Ethan, was visibly upset before composing himself and telling Felix and Oscar 'it's a cell malfunction, they will fix it.' And with that he was together again.
Oscar was visibly shaken by the news. I said that the children could come and wave Dexter off before he went to Southampton and that my dad would come meet them at the hospital and take them home before we left. Oscar didn't want to come, but as we went to leave he changed his mind and decided he must come. But he was quiet. I held his hand supportively as he got out the car. He held Oscar's, Lily and Ethan held hands and together we made our way to the children's unit.
I explained that Dexter had no idea how terribly ill he was and that he would just be so happy and excited to see them, so if they could try and be happy with him it would be fantastic of them. The kids did just that. Dexter sat up in bed excitably as we walked in, and he held up his lego as Ethan walked into the room.
'Ethan, Ethan, look at my Venom lego,' Dexter said waggling it in the air. Ethan enthusiastically made a fuss, as all the boys did.

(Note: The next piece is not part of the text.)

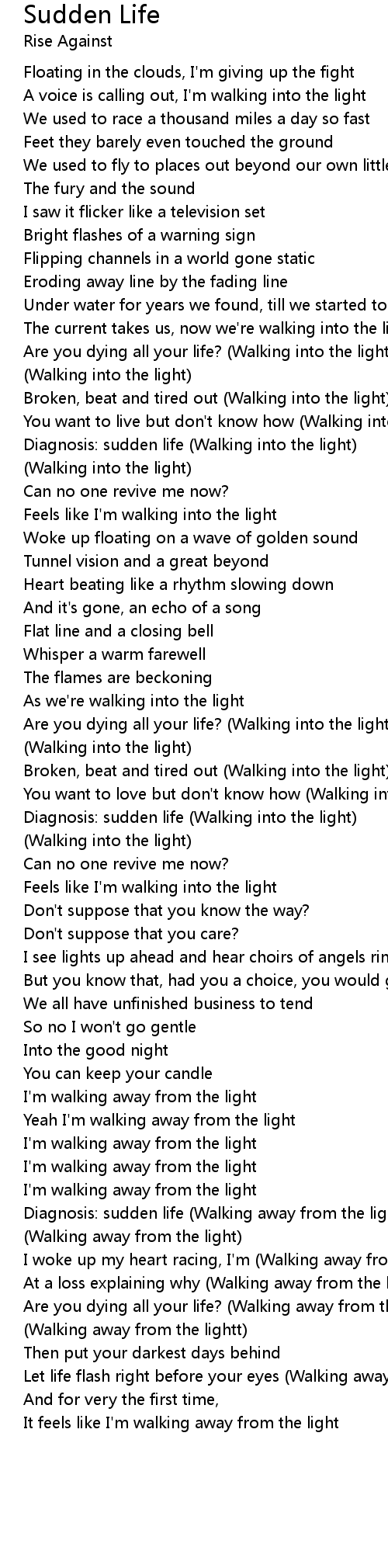 Diagnosis: sudden life (Walking away from the light) |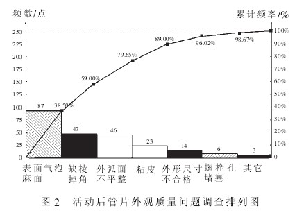 从调查统计表和排列图中可以看出,管片表面气泡麻面和缺棱掉角两项占到不合格率的 68.76%,是影响管片外观质量的主要问题。

Dexter climbed off the bed and jumped on his brothers and played. Oscar was noticeably quiet but he tried his best.
As I watched my five oldest children lark and play about, it suddenly hit me that this was really happening to us. Dexter was looking worse again, his cheek was puffing and swelling, his nostril was bulbous and stretched and his right eye was turning inwards. He was deteriorating fast.
It was now Thursday morning. Today was the day we had been scheduled to have the appointment with the ENT specialists and instead within hours we were being sent to Southampton and who knew what else was ahead of us from there.